▸ **MATERIAL PROVIDED**:
######
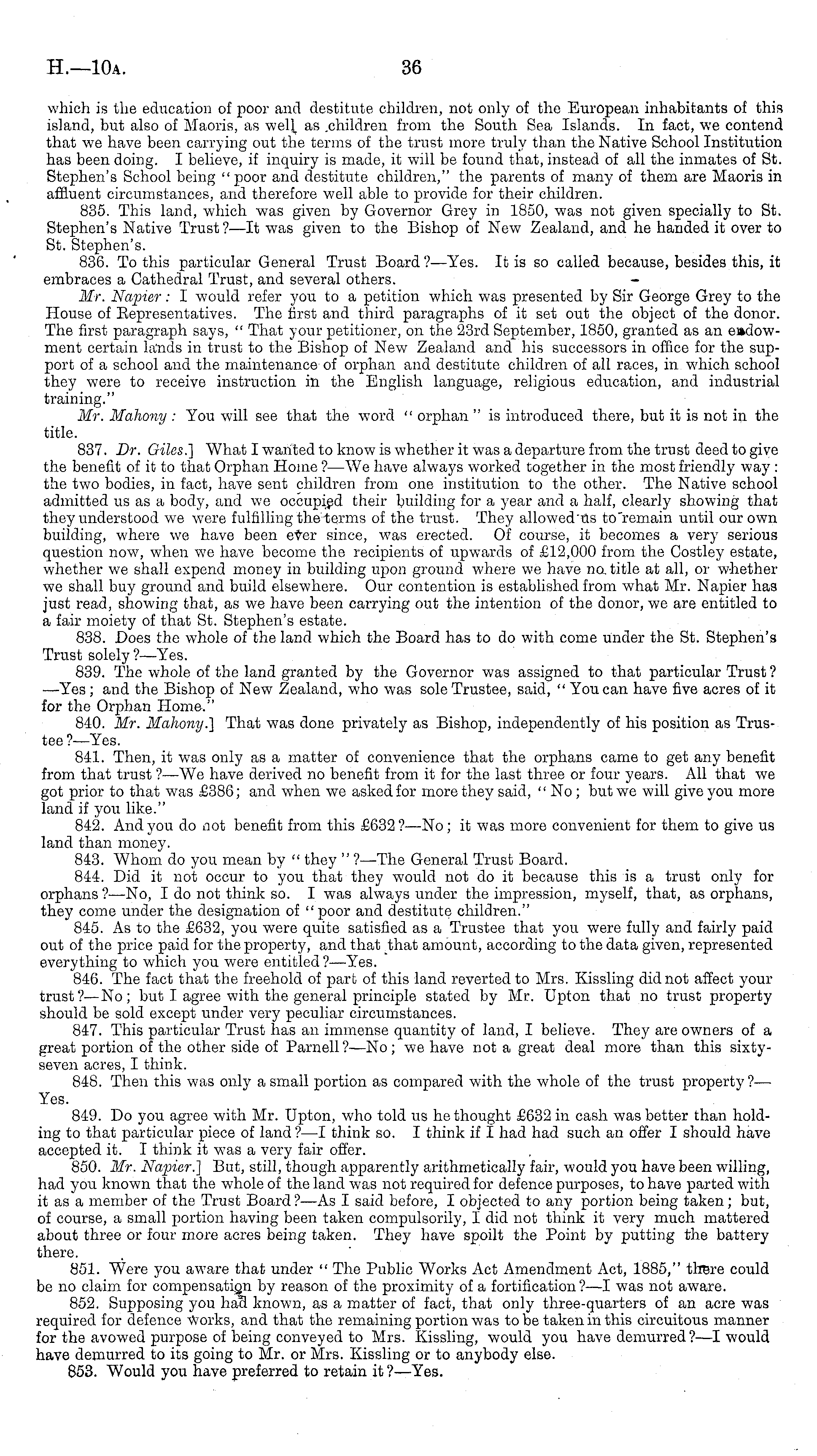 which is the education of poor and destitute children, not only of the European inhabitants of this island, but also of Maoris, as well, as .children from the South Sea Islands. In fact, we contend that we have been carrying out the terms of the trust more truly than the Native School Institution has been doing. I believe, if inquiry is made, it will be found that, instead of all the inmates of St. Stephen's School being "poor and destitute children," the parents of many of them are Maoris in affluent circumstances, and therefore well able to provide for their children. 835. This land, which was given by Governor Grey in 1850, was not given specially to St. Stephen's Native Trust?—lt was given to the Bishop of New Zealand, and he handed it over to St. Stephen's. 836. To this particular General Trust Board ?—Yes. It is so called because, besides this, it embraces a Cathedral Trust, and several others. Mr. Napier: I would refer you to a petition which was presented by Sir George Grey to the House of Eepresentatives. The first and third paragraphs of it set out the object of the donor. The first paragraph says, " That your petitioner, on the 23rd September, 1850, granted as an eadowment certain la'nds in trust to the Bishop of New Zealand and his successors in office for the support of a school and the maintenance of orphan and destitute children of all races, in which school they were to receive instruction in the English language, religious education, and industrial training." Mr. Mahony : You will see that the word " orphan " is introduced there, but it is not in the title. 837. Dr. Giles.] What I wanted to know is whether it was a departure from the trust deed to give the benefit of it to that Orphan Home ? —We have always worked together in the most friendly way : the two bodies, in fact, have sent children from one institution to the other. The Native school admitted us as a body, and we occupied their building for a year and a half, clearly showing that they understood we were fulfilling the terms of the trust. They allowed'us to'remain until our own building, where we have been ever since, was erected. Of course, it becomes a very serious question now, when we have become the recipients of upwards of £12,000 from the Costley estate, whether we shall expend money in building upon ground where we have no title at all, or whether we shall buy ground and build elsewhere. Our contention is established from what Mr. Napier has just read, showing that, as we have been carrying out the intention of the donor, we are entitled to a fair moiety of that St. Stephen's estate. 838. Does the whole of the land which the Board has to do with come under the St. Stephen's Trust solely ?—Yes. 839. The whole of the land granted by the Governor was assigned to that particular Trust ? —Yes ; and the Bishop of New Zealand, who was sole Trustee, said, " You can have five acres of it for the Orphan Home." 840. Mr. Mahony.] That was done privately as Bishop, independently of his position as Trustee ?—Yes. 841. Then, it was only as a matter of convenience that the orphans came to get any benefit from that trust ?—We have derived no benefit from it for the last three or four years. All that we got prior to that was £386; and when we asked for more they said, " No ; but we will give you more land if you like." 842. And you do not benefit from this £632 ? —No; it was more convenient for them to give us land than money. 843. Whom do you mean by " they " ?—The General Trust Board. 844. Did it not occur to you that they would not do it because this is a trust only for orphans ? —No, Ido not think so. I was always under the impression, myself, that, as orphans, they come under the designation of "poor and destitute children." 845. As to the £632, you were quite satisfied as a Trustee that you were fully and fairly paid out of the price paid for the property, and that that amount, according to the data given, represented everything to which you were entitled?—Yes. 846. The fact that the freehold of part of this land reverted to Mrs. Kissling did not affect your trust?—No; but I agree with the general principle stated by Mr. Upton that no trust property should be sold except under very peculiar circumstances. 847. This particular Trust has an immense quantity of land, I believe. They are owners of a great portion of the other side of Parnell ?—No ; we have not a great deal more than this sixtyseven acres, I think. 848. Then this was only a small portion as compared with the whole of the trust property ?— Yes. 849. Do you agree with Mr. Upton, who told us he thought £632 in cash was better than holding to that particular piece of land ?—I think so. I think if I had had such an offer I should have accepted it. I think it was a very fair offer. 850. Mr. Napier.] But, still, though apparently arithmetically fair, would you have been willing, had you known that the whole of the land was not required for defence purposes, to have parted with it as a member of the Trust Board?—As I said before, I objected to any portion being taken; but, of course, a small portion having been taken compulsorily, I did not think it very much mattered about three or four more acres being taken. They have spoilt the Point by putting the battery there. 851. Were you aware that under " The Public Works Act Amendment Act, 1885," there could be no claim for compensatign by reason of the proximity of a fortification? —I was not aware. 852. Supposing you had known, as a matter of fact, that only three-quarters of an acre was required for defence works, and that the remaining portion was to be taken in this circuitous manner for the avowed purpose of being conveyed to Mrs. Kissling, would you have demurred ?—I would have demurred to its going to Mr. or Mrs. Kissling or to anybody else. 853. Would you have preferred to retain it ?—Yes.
######
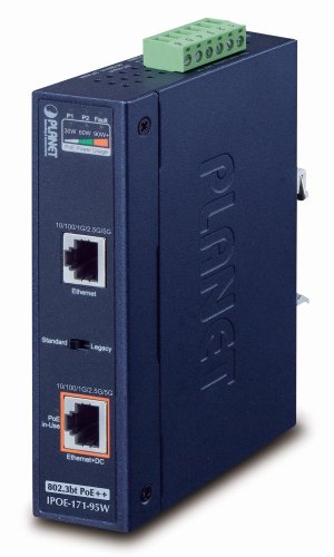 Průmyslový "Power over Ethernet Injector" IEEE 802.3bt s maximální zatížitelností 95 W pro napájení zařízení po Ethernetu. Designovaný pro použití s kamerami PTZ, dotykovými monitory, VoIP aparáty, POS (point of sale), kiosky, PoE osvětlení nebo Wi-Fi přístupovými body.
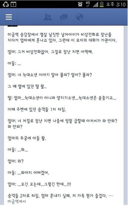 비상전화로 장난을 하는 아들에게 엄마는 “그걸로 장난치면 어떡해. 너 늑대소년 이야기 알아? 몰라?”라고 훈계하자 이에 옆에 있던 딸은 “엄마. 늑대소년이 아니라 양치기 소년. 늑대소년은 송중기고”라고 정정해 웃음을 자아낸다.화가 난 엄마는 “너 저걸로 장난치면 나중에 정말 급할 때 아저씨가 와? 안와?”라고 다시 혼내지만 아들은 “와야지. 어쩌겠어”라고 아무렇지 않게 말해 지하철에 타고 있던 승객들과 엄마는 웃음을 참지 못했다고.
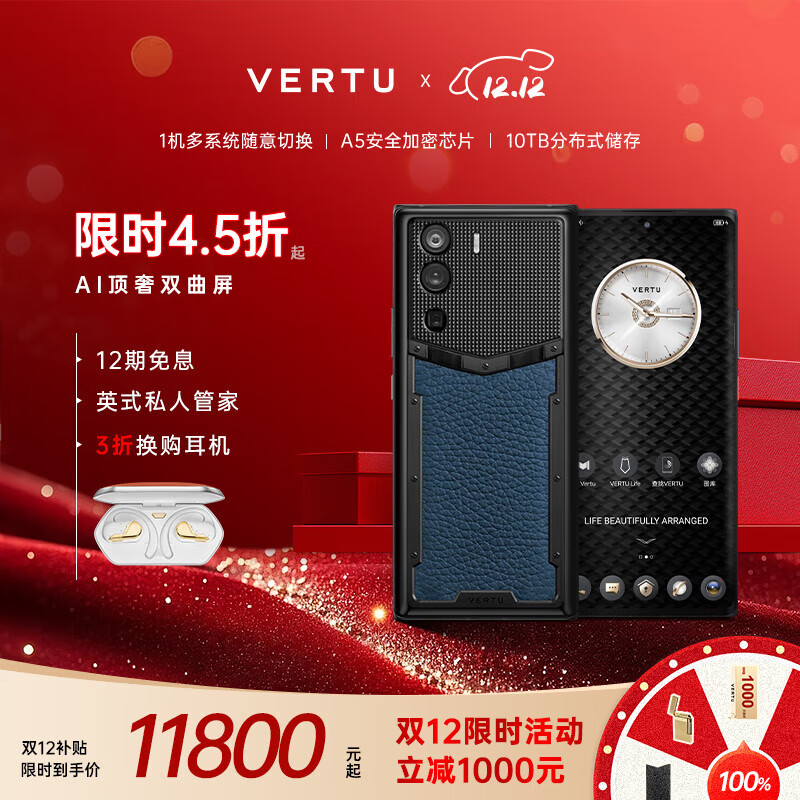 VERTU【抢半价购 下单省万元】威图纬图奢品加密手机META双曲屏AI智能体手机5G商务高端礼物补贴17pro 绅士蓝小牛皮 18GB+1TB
######
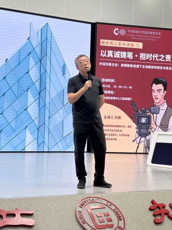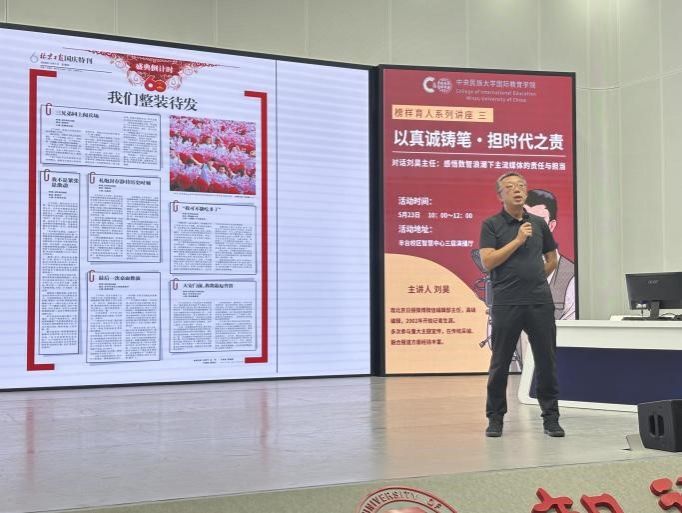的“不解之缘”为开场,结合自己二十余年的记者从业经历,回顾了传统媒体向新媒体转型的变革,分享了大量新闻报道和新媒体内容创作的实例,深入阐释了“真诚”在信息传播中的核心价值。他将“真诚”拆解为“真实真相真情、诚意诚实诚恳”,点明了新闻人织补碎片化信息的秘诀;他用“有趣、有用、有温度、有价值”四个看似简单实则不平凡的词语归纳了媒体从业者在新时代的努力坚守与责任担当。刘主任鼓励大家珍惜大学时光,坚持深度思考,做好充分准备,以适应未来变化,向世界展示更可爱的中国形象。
######
▸ **WHAT IS REQUIRED**:
Pictures excluded, give again exactly and only the lines of the material above from the line with "Wi-Fi přístupovými body." through the line with "VERTU【抢半价购 下单省万元】威图纬图奢品加密手机META双曲屏AI智能体手机5G商务高端礼物补贴17pro 绅士蓝小牛皮".

▸ **RESULT FOR THIS TASK**:
 Průmyslový "Power over Ethernet Injector" IEEE 802.3bt s maximální zatížitelností 95 W pro napájení zařízení po Ethernetu. Designovaný pro použití s kamerami PTZ, dotykovými monitory, VoIP aparáty, POS (point of sale), kiosky, PoE osvětlení nebo Wi-Fi přístupovými body.
 비상전화로 장난을 하는 아들에게 엄마는 “그걸로 장난치면 어떡해. 너 늑대소년 이야기 알아? 몰라?”라고 훈계하자 이에 옆에 있던 딸은 “엄마. 늑대소년이 아니라 양치기 소년. 늑대소년은 송중기고”라고 정정해 웃음을 자아낸다.화가 난 엄마는 “너 저걸로 장난치면 나중에 정말 급할 때 아저씨가 와? 안와?”라고 다시 혼내지만 아들은 “와야지. 어쩌겠어”라고 아무렇지 않게 말해 지하철에 타고 있던 승객들과 엄마는 웃음을 참지 못했다고.
 VERTU【抢半价购 下单省万元】威图纬图奢品加密手机META双曲屏AI智能体手机5G商务高端礼物补贴17pro 绅士蓝小牛皮 18GB+1TB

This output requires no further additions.